WHAT IS REQUIRED> From the records below, print exactly the lines starting at the one containing "Brief aan Johannes Jacobus Franciscus Wap" and ending at the one containing "Түс палитрасында түстер", ends included, and nothing else.

DATA SHOWN>

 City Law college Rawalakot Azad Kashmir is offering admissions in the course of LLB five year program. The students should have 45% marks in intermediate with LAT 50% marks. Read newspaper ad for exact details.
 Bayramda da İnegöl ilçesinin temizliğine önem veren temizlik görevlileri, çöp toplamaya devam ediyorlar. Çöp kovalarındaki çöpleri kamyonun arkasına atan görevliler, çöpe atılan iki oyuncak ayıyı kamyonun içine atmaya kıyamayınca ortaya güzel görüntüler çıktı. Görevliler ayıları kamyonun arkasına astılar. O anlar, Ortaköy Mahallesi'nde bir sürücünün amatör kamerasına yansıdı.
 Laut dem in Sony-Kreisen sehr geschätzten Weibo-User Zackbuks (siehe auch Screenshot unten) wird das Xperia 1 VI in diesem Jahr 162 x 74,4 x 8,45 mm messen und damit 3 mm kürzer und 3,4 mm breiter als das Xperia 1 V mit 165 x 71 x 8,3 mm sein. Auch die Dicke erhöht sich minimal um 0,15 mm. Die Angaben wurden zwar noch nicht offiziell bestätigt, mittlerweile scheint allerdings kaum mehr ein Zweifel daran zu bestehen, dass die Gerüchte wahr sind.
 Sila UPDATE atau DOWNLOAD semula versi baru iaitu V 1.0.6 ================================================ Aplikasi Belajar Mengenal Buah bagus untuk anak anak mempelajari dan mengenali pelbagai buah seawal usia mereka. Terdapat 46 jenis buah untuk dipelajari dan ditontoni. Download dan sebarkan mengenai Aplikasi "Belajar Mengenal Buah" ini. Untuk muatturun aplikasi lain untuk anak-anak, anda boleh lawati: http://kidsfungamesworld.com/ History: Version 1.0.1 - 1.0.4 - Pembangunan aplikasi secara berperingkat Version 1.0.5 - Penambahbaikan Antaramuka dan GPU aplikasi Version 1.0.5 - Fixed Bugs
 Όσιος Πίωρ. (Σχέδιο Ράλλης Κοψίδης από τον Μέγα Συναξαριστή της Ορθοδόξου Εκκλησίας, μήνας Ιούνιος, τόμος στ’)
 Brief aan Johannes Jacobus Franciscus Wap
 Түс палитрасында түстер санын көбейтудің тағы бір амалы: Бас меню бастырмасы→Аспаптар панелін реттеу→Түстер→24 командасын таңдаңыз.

...

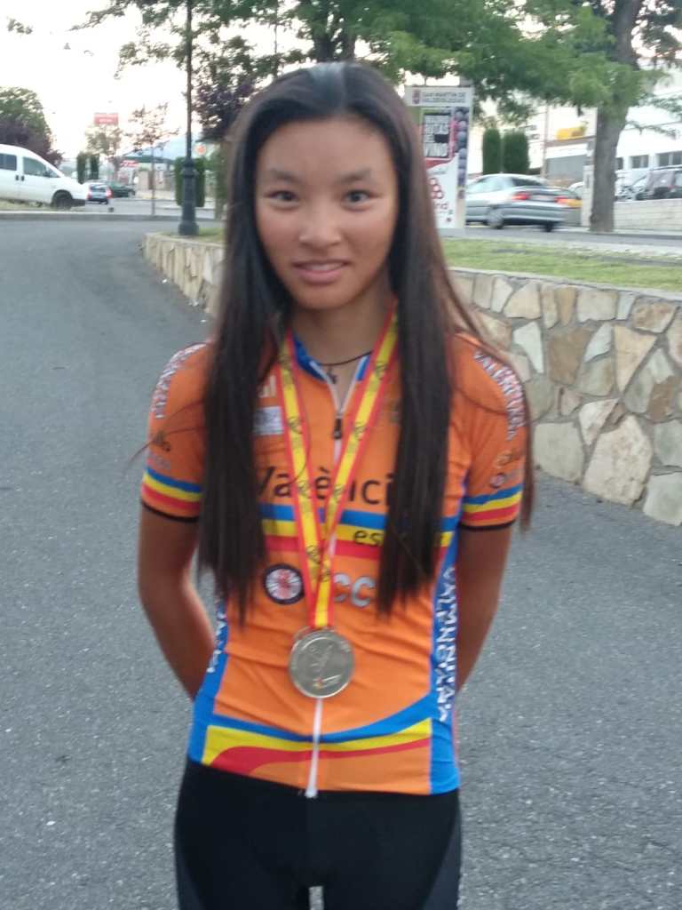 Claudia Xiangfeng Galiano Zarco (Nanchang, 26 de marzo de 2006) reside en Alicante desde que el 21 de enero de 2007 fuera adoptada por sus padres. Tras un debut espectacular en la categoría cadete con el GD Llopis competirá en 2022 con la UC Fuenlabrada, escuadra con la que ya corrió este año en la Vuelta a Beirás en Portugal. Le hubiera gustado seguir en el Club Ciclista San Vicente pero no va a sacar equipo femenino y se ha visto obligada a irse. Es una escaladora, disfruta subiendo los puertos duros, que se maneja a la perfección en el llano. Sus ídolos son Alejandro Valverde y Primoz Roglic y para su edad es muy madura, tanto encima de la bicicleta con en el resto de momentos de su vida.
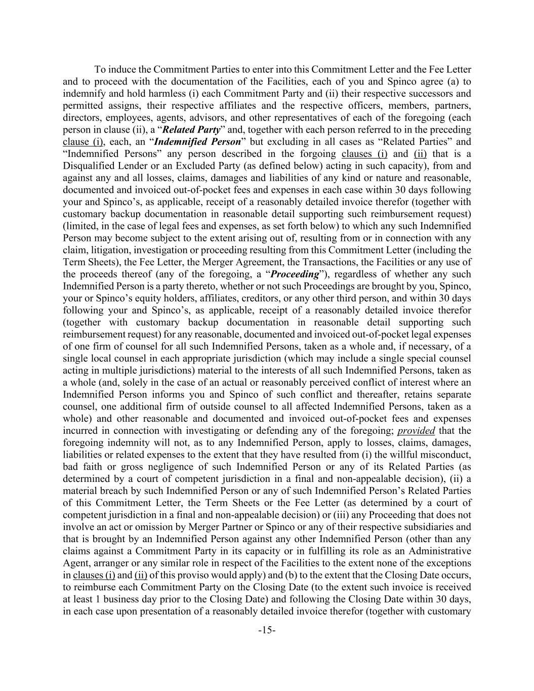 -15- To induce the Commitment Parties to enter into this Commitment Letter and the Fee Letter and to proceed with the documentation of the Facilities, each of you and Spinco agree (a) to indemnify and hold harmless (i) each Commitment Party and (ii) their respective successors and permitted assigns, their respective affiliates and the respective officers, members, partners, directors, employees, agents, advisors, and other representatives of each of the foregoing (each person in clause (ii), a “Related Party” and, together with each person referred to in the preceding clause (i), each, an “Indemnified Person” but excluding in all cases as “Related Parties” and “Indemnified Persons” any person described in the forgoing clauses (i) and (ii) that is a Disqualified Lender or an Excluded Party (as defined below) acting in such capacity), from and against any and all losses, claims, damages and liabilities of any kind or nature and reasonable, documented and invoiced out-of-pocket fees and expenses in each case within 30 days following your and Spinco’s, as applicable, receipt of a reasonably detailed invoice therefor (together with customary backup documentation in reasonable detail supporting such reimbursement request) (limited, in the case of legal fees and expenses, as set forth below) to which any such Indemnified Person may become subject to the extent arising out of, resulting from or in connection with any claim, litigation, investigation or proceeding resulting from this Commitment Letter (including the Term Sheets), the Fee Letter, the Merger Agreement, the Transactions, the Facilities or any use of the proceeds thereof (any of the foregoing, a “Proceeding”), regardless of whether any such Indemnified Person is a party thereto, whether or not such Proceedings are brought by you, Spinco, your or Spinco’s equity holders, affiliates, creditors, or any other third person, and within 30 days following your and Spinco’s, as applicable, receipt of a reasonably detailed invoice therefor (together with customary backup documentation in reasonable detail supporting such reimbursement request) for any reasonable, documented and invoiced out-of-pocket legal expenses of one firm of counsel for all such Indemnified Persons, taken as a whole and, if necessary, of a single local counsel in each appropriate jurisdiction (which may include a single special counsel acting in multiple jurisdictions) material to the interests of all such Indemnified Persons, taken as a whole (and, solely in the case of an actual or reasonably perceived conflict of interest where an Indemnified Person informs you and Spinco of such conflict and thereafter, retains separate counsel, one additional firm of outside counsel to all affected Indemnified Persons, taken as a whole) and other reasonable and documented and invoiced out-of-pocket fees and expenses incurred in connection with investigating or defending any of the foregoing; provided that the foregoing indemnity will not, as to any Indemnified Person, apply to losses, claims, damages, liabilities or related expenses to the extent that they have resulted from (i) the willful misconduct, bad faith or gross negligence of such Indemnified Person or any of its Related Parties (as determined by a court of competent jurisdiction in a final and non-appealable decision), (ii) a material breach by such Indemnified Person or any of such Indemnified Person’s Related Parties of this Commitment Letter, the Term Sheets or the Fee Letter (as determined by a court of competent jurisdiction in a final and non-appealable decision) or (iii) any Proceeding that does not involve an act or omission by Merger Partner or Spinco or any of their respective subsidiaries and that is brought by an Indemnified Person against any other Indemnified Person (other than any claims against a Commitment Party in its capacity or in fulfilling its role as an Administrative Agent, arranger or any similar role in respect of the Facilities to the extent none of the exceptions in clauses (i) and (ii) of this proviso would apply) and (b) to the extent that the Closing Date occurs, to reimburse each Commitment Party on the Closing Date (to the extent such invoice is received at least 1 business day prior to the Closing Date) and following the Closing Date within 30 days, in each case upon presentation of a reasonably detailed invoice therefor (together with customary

TASK RESPONSE>
 Brief aan Johannes Jacobus Franciscus Wap
 Түс палитрасында түстер санын көбейтудің тағы бір амалы: Бас меню бастырмасы→Аспаптар панелін реттеу→Түстер→24 командасын таңдаңыз.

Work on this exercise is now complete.